# [solved] Erster Reboot - VFS: Unable to mount root fs - Grub

## spider-j

Hallo. Ich nutze jetzt seit einigen Jahren Ubuntu und da kam mir mal der Gedanke, ich könnte doch mal Linux austesten  :Wink: 

Wie dem auch sei: natürlich hatte ich nach kompilieren etc... beim ersten Versuch zu booten die erste "kernel panic" meines Lebens. Gehört ja wohl auch dazu. Na und nun, gilt es herauszufinden, woran es liegt. Ja, ich habe bereits google befragt und weiß, dass zu dem Thema viel zu finden ist. Allerdings habe ich eine sehr, ich würde sagen, "spezielle" Festplattensituation, mit der ich einfach den Durchblick verloren habe. D.h. ich bin mir einfach nicht sicher, ob ich einfach im Kernel eine Funktion zu viel deaktiviert habe oder ob ich einfach Grub nicht korrekt konfiguriert habe. 
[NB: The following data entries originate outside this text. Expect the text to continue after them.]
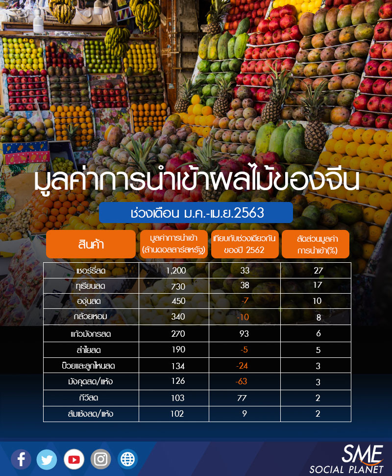 แยกเป็น เชอร์รี่สด 38,400 ล้านบาท ทุเรียนสด 23,360 ล้านบาท องุ่นสด 14,400 ล้านบาท กล้วยหอม 10,880 ล้านบาท แก้วมังกร 8,640 ล้านบาท ลำไยสด 6,080 ล้านบาท บ๊วยและลูกไหนสด 4,288 ล้านบาท มังคุดสด/แห้ง 4,032 ล้านบาท กีวีสด 3,296 ล้านบาท และส้มเช้งสด/แห้ง 3,264 ล้านบาท
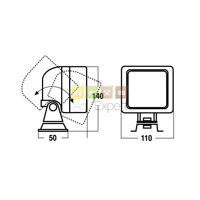 - Dimensions hors tout : l 110 x HT 140 x p. fixation 50 mm
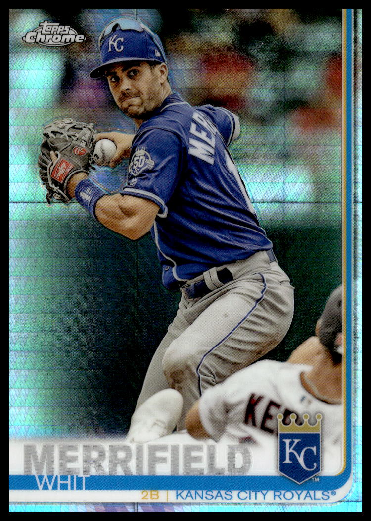 This Baseball card, from 2019 is part of the Topps Chrome card set. Whit Merrifield is featured and has a card number of 11.
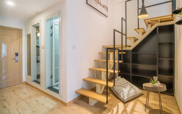 以下这种复式小户型在泊寓的项目中很常见。将承重板固定在墙上,形成架空效果。图中这个户型面积为20平左右,一层全部作为日常活动区,二层单纯作为睡眠区。由于床板设置在入户处的上方,租客进门排名前列时间不会注意到,目光所及之处,就宽敞得多了。
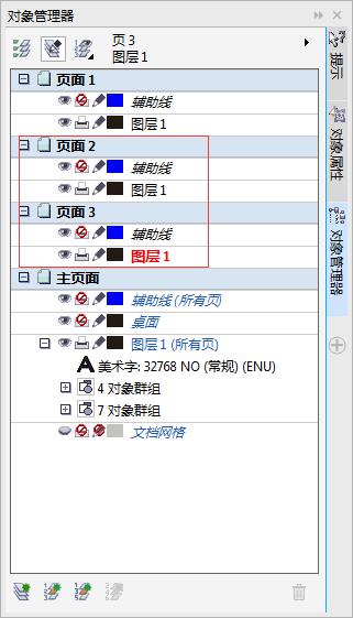 單擊“對象管理器”泊塢窗左下角“新建主圖層(所有頁)”按鈕,新建一個主圖層為“圖層1(所有頁)”。
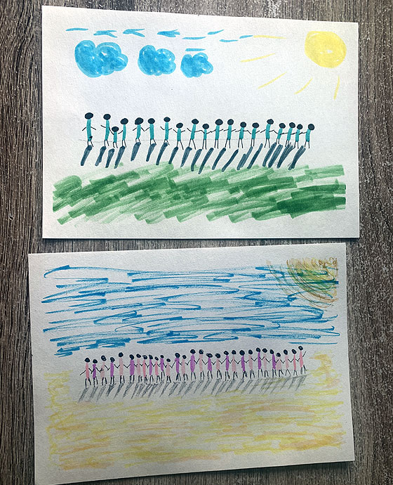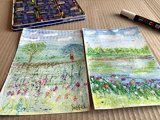 Für Versuch Nummer 3 wechselten wir mal die Technik: Malen mit Pastellölkreide

Grundsituation: Ich hab hier einen Desktop mit drei internen Festplatten. 1x IDE, 2x SATA. Auf einer SATA habe ich Ubuntu /boot, swap + /, auf der zweiten SATA Ubuntu /home und auf der IDE Platte wollte ich jetzt mal Gentoo austesten. Im Bios sind die Platten wie folgt Nummeriert: CH0 = IDE, CH2 = SATA Ubuntu boot , CH3 = SATA Ubuntu home. Ich kann die Bootreihenfolge im Bios konfigurieren. Für alle Tests habe ich CH0 als erstes Bootdevice nach CDROM ausgewählt. 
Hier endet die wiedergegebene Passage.